Read the FReepers comments on the news story, and see them climb over each other to protest how most of our Founders really wanted to free the slaves. If they were informed they would know that even their idol, Honest Abe, did not believe such would be a wise move.
"I will say, then, that I am not nor have ever been in favor of bringing about in any way the social and political equality of the black and white races - that I am not, nor ever have been, in favor of making voters or jurors of negroes, nor of qualifying them to hold office, nor to intermarry with White people; and I will say in addition to this that there is a physical difference between the White and black races which will ever forbid the two races living together on terms of social and political equality. And inasmuch as they cannot so live, while they do remain together, there must be the position of superior and inferior, and I, as much as any other man, am in favor of having the superior position assigned to the White race" - Abraham Lincoln, Fourth Lincoln-Douglas Debate, September 18, 1858
Thomas Jefferson wrote:
It will probably be asked, Why not retain and incorporate the blacks into the state, and thus save the expense of supplying, by importation of white settlers, the vacancies they will leave? Deep rooted prejudices entertained by the whites; ten thousand recollections, by the blacks, of the injuries they have sustained; new provocations; the real distinctions which nature has made; and many other circumstances, will divide us into parties, and produce convulsions, which will probably never end but in the extermination of the one or the other race.''
Jefferson thought that emancipation was inevitable but he saw the difficulty that would accompany the freeing of slaves. He likened the situation to 'having a wolf by the ears', wherein letting go would be a great danger, but holding on would prove impossible.

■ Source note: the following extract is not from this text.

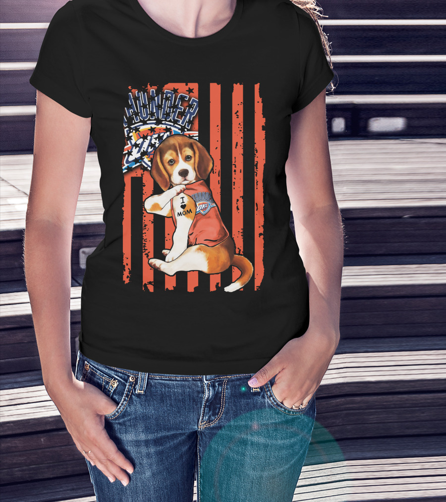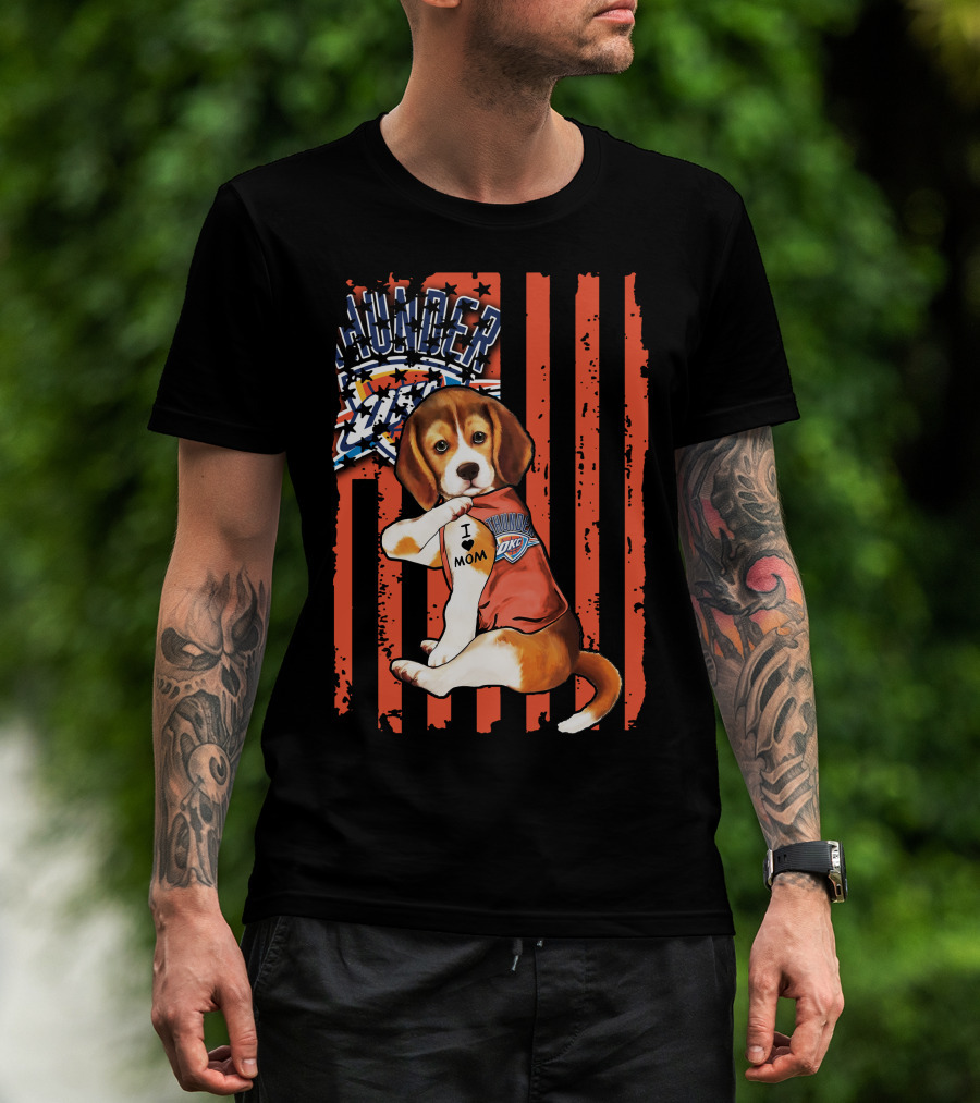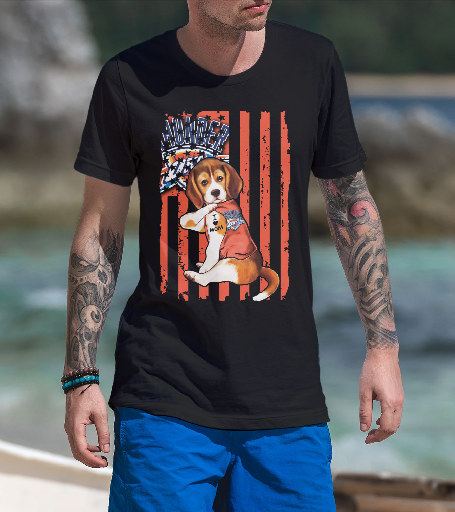 Oklahoma City Thunder Beagle Puppy Tattoo I Love Mom T-Shirt

Most Republicans, like those self-styled conservatives at FR, would probably denounce Jefferson's analogy quoted above as ''racist.'' I would bet money that most FReepers would not be familiar with the Jefferson quotes above, nor even with Lincoln's statement. They have become persuaded, or persuaded themselves that liberal egalitarian principles are the standard by which everything must be judged. They have become defenders of feminism and racial Marxism. Next (and this is already beginning) they will claim that homosexual 'marriage' is actually a conservative principle, and that everyone should have a 'right' to marry a person, or persons, of their choosing, regardless.
The Marxists/liberals/progressives have tricked the so-called right in this country into defending the values that the left has given birth to, much like cowbirds leave their eggs in other species' nests to be nurtured by them.
The 'right' is under the spell of the left today, and is really nothing more than a pale shadow of the left, in most cases.
While the conventional right imagine themselves to be guardians of the Founding Fathers' principles, they really do not know the Founders, nor do they stand for what the Founding Fathers stood for.
One of the comments on the FReeper thread has Jefferson saying that 'homosexuality is a mental illness.' I had to laugh out loud at that. First off, the word 'homosexuality' was, I think, not even used in the 18th century. In the law, it was called 'buggery' which is the word they tended to use then. And as for 'mental illness', the 18th century knew no such concept, much less terminology; 'mental illness' wasn't invented until the 19th or 20th century, and we are the worse for it.
The Founders, to be sure, were no gods; nobody claims they were. But whatever you might label them -- and today's political labels belong to our time, not 1776 -- they were not egalitarians or cultural Marxists.